***** Data *****

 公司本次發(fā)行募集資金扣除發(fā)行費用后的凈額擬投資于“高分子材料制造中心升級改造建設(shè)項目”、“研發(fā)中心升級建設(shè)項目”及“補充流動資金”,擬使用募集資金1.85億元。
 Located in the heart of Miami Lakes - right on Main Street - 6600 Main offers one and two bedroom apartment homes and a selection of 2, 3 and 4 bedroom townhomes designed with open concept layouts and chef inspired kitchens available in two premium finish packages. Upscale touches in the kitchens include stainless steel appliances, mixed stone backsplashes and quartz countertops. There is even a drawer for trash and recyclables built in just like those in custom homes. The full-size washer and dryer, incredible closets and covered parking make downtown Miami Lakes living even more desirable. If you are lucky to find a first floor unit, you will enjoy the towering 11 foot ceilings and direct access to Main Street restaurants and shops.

*****
***** Data *****

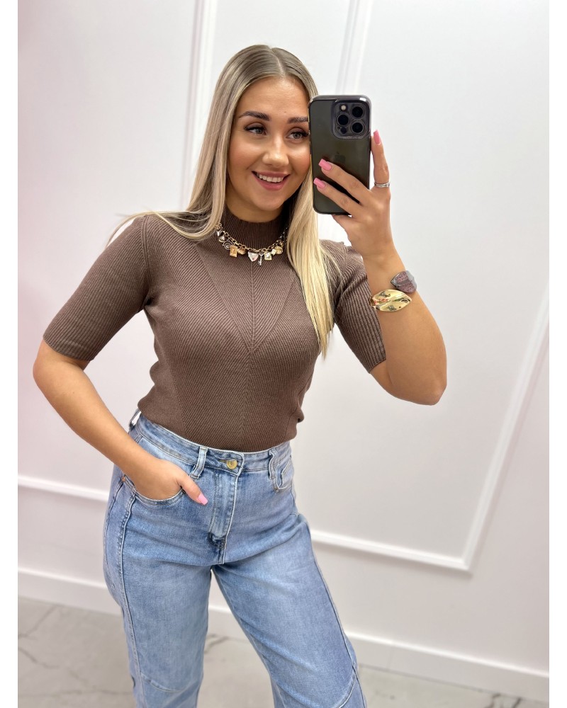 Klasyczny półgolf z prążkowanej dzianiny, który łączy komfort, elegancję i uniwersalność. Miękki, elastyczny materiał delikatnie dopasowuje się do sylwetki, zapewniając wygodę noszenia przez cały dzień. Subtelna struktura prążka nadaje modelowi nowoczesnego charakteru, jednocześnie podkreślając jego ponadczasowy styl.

*****
***** Data *****

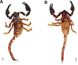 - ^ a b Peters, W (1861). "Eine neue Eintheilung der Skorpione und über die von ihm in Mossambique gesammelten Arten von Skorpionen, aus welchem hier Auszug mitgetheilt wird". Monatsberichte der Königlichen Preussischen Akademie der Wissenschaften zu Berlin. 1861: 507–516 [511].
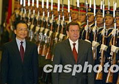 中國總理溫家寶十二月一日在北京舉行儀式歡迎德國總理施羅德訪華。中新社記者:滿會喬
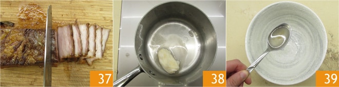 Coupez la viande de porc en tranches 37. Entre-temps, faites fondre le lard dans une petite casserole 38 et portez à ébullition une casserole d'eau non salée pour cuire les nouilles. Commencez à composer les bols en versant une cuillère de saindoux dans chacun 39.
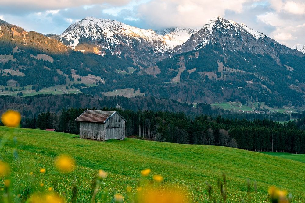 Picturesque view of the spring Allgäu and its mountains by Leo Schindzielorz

*****

How to complete this task:
What to print is the stretch of entries from the line with "Coupez la viande" up to and including the line with "Picturesque view of". Please print it exactly and leave out the pictures.

The answer:
 Coupez la viande de porc en tranches 37. Entre-temps, faites fondre le lard dans une petite casserole 38 et portez à ébullition une casserole d'eau non salée pour cuire les nouilles. Commencez à composer les bols en versant une cuillère de saindoux dans chacun 39.
 Picturesque view of the spring Allgäu and its mountains by Leo Schindzielorz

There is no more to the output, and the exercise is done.